Extracted data entries:
*** Block opens ***

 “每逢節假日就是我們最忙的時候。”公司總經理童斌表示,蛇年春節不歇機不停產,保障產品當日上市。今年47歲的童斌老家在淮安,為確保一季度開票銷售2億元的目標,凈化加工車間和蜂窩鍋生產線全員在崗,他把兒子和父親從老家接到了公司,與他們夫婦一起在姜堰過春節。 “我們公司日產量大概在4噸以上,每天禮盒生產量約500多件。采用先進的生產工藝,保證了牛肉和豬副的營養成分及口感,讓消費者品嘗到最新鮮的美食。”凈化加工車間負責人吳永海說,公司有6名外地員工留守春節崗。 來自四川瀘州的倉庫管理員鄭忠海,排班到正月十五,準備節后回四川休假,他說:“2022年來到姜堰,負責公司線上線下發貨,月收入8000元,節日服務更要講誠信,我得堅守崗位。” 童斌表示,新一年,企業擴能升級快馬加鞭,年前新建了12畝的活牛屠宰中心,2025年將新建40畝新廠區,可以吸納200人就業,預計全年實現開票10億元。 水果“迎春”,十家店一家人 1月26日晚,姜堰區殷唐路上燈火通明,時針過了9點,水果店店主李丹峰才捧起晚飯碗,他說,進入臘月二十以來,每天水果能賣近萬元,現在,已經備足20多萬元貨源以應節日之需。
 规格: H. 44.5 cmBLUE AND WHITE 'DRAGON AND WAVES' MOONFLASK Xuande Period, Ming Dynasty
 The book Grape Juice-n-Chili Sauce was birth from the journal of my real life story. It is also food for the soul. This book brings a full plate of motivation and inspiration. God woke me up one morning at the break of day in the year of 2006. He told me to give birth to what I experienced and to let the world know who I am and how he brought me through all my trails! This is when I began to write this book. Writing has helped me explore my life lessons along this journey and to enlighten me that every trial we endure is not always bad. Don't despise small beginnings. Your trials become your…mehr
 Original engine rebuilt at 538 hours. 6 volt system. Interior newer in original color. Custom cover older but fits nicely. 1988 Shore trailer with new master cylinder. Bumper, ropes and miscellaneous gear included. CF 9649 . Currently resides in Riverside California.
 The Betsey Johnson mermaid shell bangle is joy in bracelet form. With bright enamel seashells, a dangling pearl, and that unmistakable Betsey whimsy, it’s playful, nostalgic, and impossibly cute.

*** Block closes ***

A verbatim copy of the records above should be returned.

- **WRITTEN ANSWER**
 “每逢節假日就是我們最忙的時候。”公司總經理童斌表示,蛇年春節不歇機不停產,保障產品當日上市。今年47歲的童斌老家在淮安,為確保一季度開票銷售2億元的目標,凈化加工車間和蜂窩鍋生產線全員在崗,他把兒子和父親從老家接到了公司,與他們夫婦一起在姜堰過春節。 “我們公司日產量大概在4噸以上,每天禮盒生產量約500多件。采用先進的生產工藝,保證了牛肉和豬副的營養成分及口感,讓消費者品嘗到最新鮮的美食。”凈化加工車間負責人吳永海說,公司有6名外地員工留守春節崗。 來自四川瀘州的倉庫管理員鄭忠海,排班到正月十五,準備節后回四川休假,他說:“2022年來到姜堰,負責公司線上線下發貨,月收入8000元,節日服務更要講誠信,我得堅守崗位。” 童斌表示,新一年,企業擴能升級快馬加鞭,年前新建了12畝的活牛屠宰中心,2025年將新建40畝新廠區,可以吸納200人就業,預計全年實現開票10億元。 水果“迎春”,十家店一家人 1月26日晚,姜堰區殷唐路上燈火通明,時針過了9點,水果店店主李丹峰才捧起晚飯碗,他說,進入臘月二十以來,每天水果能賣近萬元,現在,已經備足20多萬元貨源以應節日之需。
 规格: H. 44.5 cmBLUE AND WHITE 'DRAGON AND WAVES' MOONFLASK Xuande Period, Ming Dynasty
 The book Grape Juice-n-Chili Sauce was birth from the journal of my real life story. It is also food for the soul. This book brings a full plate of motivation and inspiration. God woke me up one morning at the break of day in the year of 2006. He told me to give birth to what I experienced and to let the world know who I am and how he brought me through all my trails! This is when I began to write this book. Writing has helped me explore my life lessons along this journey and to enlighten me that every trial we endure is not always bad. Don't despise small beginnings. Your trials become your…mehr
 Original engine rebuilt at 538 hours. 6 volt system. Interior newer in original color. Custom cover older but fits nicely. 1988 Shore trailer with new master cylinder. Bumper, ropes and miscellaneous gear included. CF 9649 . Currently resides in Riverside California.
 The Betsey Johnson mermaid shell bangle is joy in bracelet form. With bright enamel seashells, a dangling pearl, and that unmistakable Betsey whimsy, it’s playful, nostalgic, and impossibly cute.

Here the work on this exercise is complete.